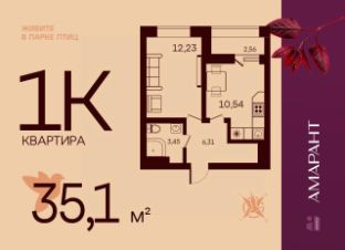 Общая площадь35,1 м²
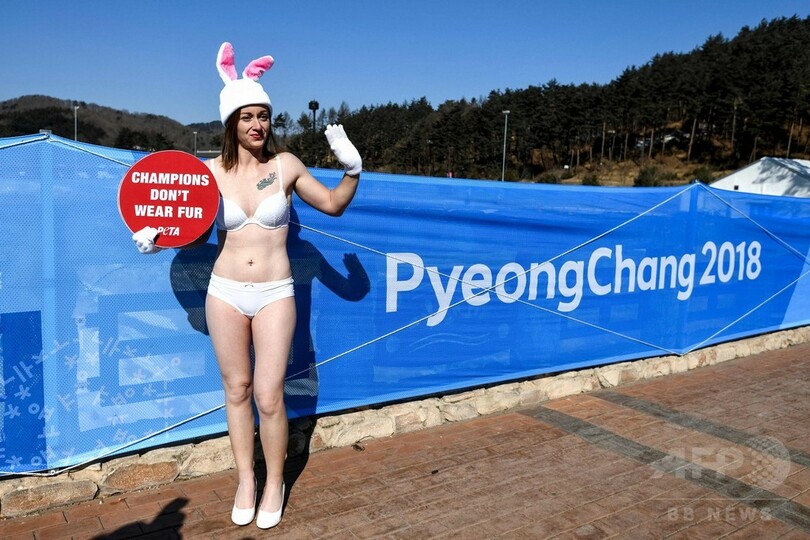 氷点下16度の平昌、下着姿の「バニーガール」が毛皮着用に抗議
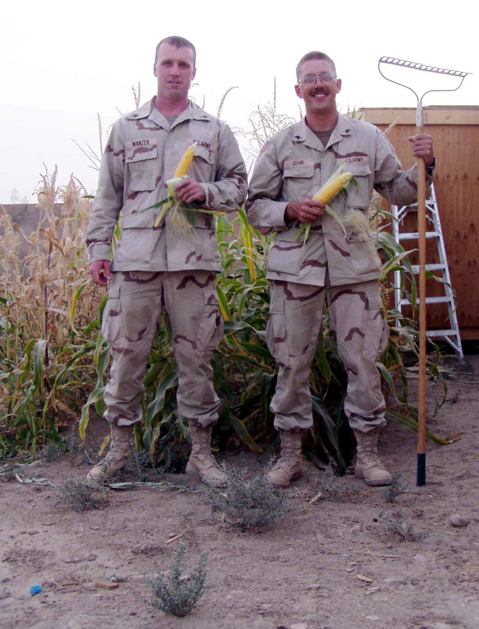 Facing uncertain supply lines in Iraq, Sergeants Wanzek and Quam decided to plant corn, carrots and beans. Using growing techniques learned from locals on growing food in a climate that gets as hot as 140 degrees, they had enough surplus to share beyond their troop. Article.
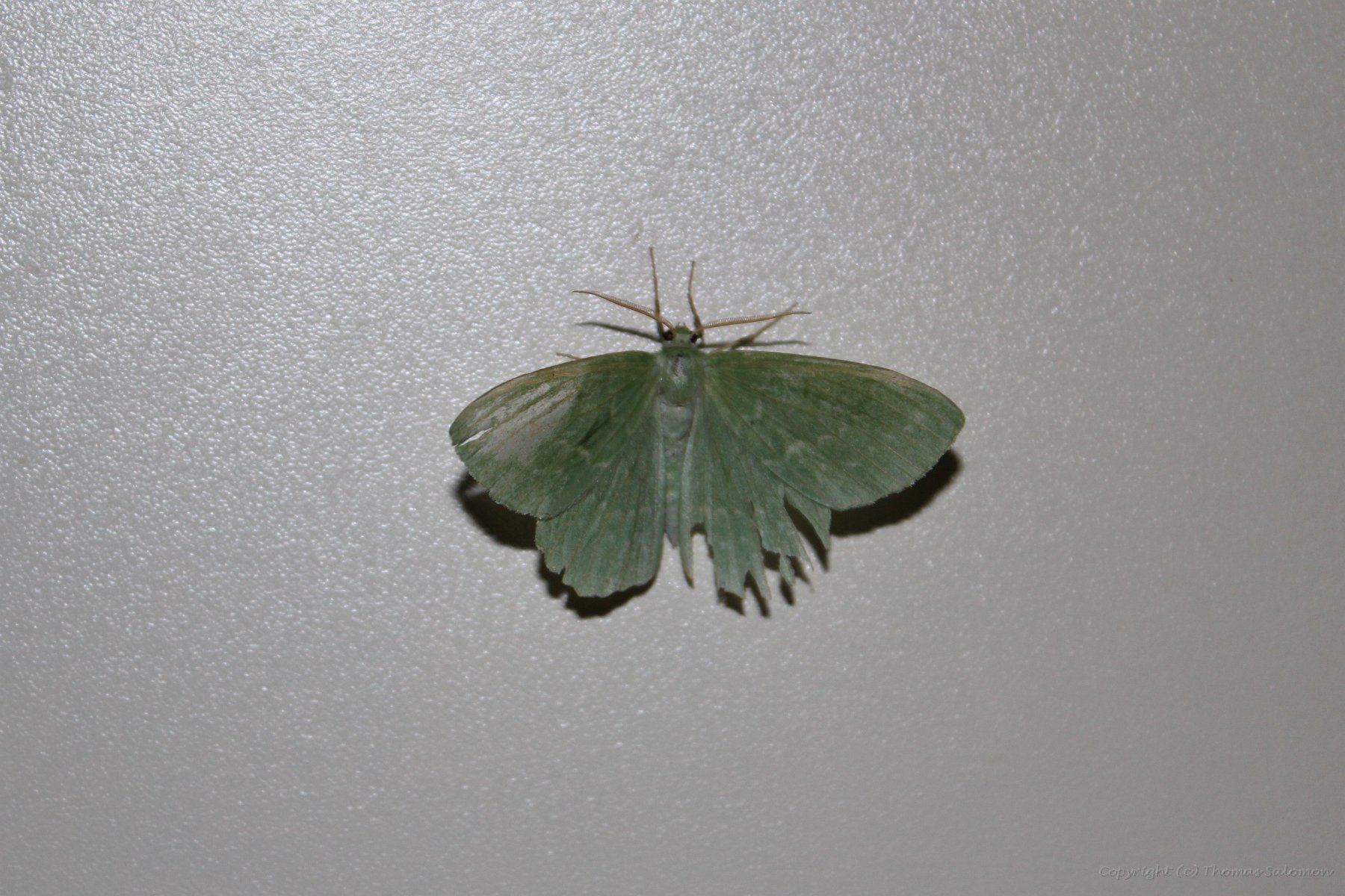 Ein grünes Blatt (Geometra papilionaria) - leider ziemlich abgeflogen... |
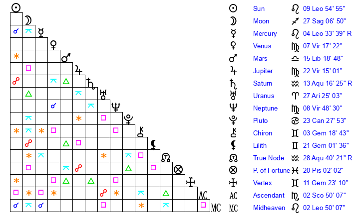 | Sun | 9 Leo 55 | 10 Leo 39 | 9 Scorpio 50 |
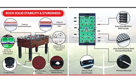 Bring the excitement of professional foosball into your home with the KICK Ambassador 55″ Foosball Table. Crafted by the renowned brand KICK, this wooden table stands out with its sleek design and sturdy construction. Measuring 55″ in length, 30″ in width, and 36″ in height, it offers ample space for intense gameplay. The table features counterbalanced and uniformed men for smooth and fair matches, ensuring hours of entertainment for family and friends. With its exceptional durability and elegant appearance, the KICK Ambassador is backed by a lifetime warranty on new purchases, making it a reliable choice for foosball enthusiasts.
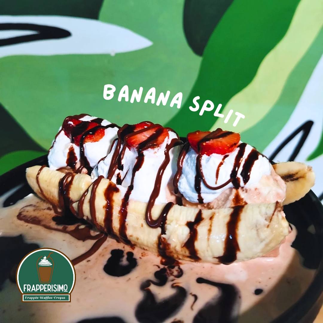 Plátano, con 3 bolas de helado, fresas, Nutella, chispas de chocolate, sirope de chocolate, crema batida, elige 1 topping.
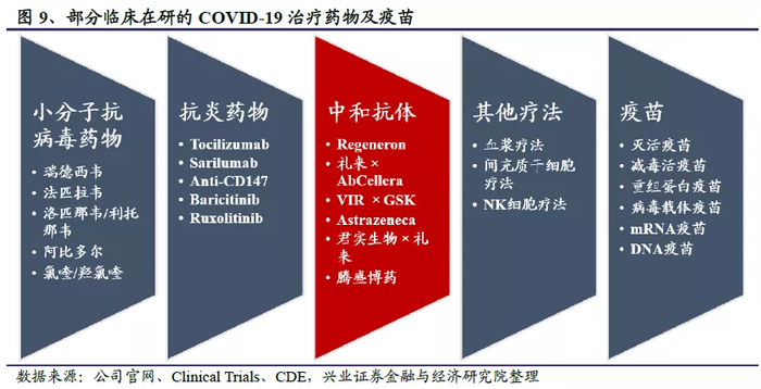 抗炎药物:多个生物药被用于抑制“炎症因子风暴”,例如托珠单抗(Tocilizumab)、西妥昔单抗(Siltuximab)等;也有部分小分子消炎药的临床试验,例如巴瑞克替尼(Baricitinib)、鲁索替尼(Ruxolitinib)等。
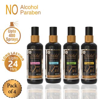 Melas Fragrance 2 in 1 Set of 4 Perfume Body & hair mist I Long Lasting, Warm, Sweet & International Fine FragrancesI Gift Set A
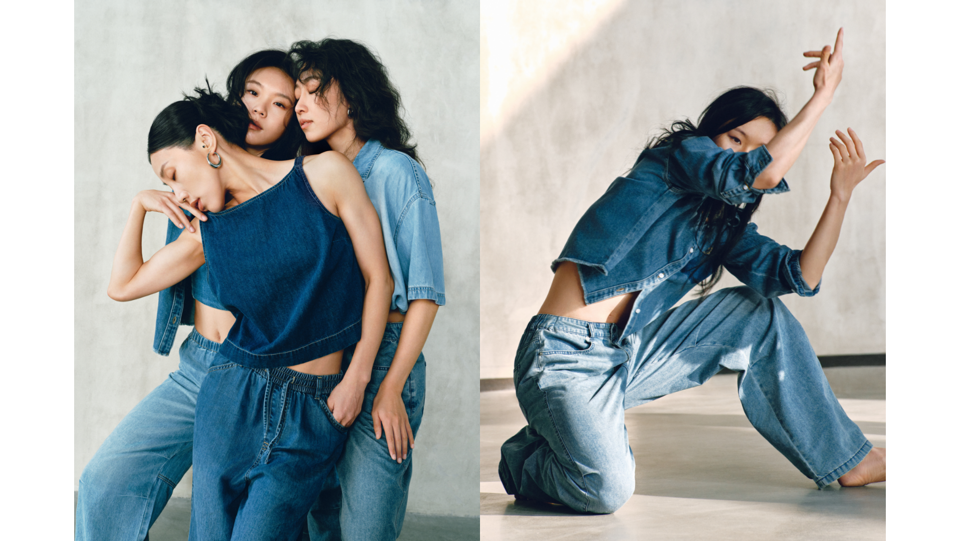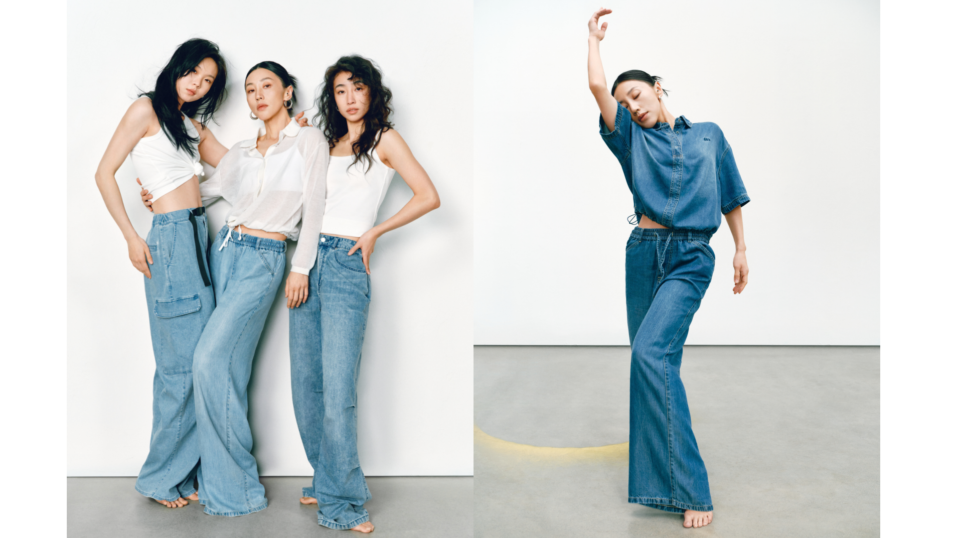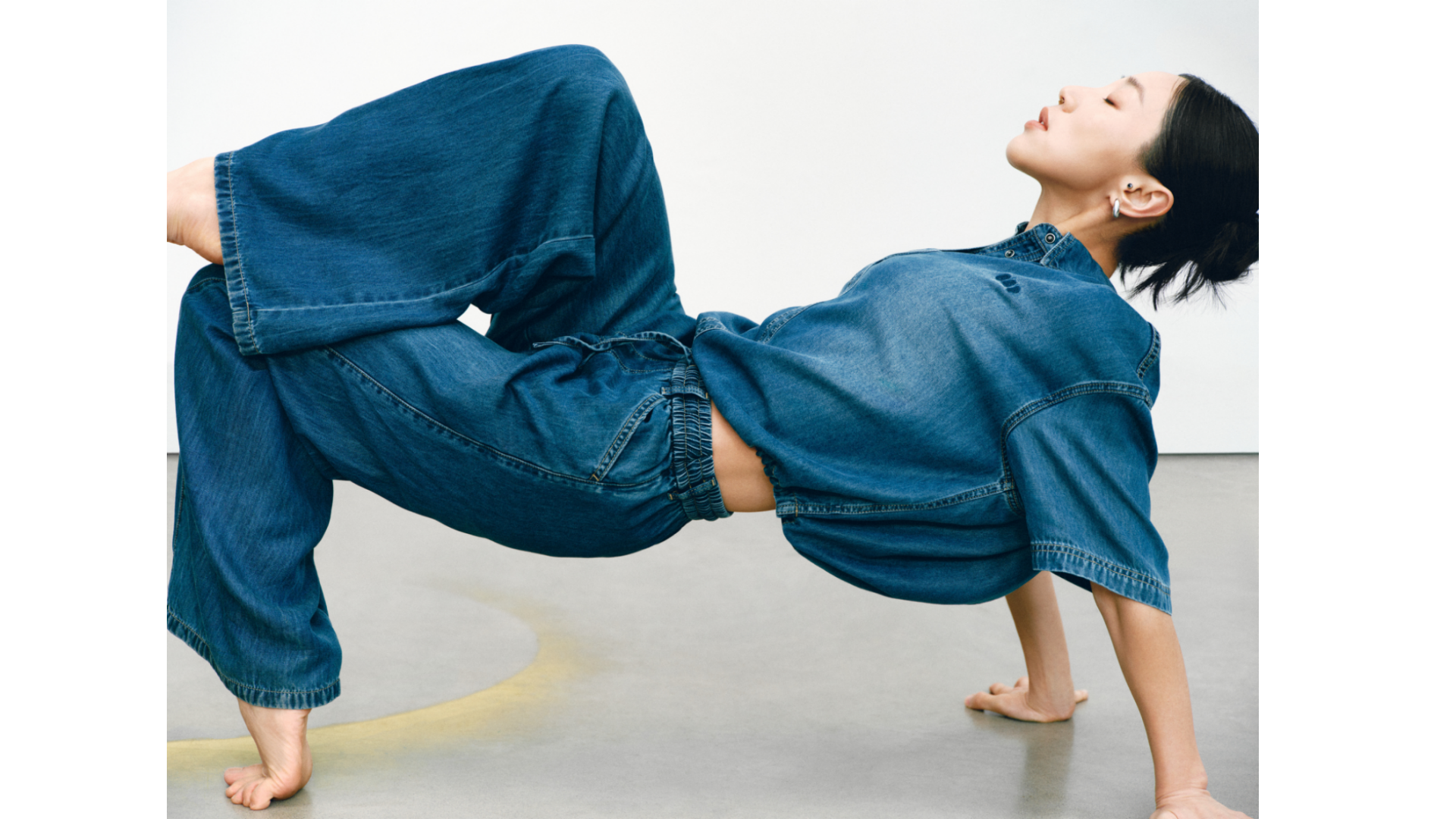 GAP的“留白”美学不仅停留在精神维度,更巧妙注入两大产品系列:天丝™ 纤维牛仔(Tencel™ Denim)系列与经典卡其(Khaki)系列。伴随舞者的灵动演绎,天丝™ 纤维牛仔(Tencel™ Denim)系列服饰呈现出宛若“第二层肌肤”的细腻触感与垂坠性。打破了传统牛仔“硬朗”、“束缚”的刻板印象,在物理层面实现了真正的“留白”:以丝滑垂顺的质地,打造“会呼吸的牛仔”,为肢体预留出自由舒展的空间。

**ASSIGNED TASK:** Take the line containing "Melas Fragrance 2" and every line after it through the end of the data, and write them out exactly, with no pictures.

**RESPONSE:**
 Melas Fragrance 2 in 1 Set of 4 Perfume Body & hair mist I Long Lasting, Warm, Sweet & International Fine FragrancesI Gift Set A
 GAP的“留白”美学不仅停留在精神维度,更巧妙注入两大产品系列:天丝™ 纤维牛仔(Tencel™ Denim)系列与经典卡其(Khaki)系列。伴随舞者的灵动演绎,天丝™ 纤维牛仔(Tencel™ Denim)系列服饰呈现出宛若“第二层肌肤”的细腻触感与垂坠性。打破了传统牛仔“硬朗”、“束缚”的刻板印象,在物理层面实现了真正的“留白”:以丝滑垂顺的质地,打造“会呼吸的牛仔”,为肢体预留出自由舒展的空间。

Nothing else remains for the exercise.